Ukrainian President Volodymyr Zelenskiy in Brussels to affirm European direction and desire to join Nato

Ukrainian President Volodymyr Zelenskiy in Brussels to affirm European direction and desire to join Nato
President Volodymyr Zelenskiy met with top European Union and NATO officials in Brussels as part of his first foreign trip as president
By bne IntelliNews June 5, 2019

Ukrainian President Volodymyr Zelenskiy chose Brussels as the destination for his first trip abroad as head of state and reaffirmed Ukraine’s commitment to Europe, its desire to join Nato and his determination to end the de facto war with Russia. 

Zelenskiy met with top European Union and Nato officials in Brussels as part of his first foreign trip as president on June 4.

The new president’s strategy for ending the de facto war with Russia in the east of the country is taking shape. Last week he reappointed former president Leonid Kuchma as the Ukrainian representative in the Trilateral Contact Group talks in Minsk to resolve the war in Donbas.

Kuchma is a controversial figure but an experienced statesman and tough negotiator. Kuchma said he agreed to return to the talks in order “to make decisions,” and not to play a symbolic role. “In my life, I have gotten used to making decisions, implementing them and being responsible for them,” Kuchma told the press briefing.

Zenon Zawada of Concorde Capital said in a note: “Zelenskiy has two main motives in returning Kuchma to the Minsk peace talks. Besides bringing much diplomatic experience and political gravitas to the helm (which the neophyte Zelenskiy team needs), Zelenskiy is building bridges with [Ukrainian oligarch and Kuchma’s son in law Viktor] Pinchuk, who controls many industrial enterprises, including Interpipe, and numerous mass media.

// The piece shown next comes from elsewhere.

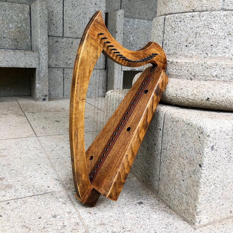 使用するのは私が製作している小さな金属弦ハープ。気に入ったハープがあればその場でご購入いただけます。ハープ製作予約についてのご相談も承ります。

In having some form of partnership with the billionaire Pinchuk, Zelenskiy will be able to counterbalance the influence of billionaire, Ihor Kolomoisky, who sponsored his campaign.”

Cease-fire deals announced as part of the Minsk accords in September 2014 and February 2015 have contributed to a decrease in fighting in the eastern provinces of Donetsk and Luhansk but have failed to hold.

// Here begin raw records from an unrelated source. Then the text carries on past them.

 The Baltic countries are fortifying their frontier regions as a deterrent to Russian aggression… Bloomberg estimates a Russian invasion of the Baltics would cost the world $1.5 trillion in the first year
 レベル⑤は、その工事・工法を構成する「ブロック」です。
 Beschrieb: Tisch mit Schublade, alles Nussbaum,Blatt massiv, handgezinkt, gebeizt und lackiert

"We are ready to hold negotiations with Russia [and] to implement the Minsk agreements. But first we must be capable to protect ourselves and get stronger economically, politically, and militarily," Zelenskiy said at a joint press conference with Nato secretary-general Jens Stoltenberg at the alliance's headquarters.

Zelenskiy also said that Ukraine's "strategic course to achieve full-fledged membership in the EU and Nato" remained unchanged.

Calling Ukraine a "highly valued partner," Stoltenberg expressed Nato's support for the country’s sovereignty and territorial integrity, saying: "Allies do not, and will not, recognise Russia’s illegal annexation of Crimea."

While observers worry that Kolomoisky will have undue influence over Zelenskiy, the reappearance of Kuchma suggests that Pinchuk will also have some sway. In December 2017 Pinchuk caused a scandal with an opinion piece in the Wall Street Journal calling for “painful compromises” with the Russian government in order to end the warfare in Donbas. Among his proposals were (1) pursuing the status of EU preferred partner instead of EU membership; (2) continuing to refuse to recognise the Crimean annexation, but not allowing it to be an obstacle to peace in Donbas; and (3) holding elections in occupied Donbas as part of the process to return the territory to Ukrainian control.

However, analysts were buoyed by both Zelenskiy’s trip to Brussels and Kuchma’s appointment as they say it suggests that the president is serious about bring about peace in the east of the country and that all solutions are on the table.

“Of course, a significant part of the Ukrainian public will view such measures as capitulation. But Zelenskiy’s core electorate in the Russophile southeastern regions will fully support Zelenskiy if he finds compromise with Russia. A separate question is to what extent Russia will compromise with Ukraine and whether it will uphold the compromise,” Zawada adds.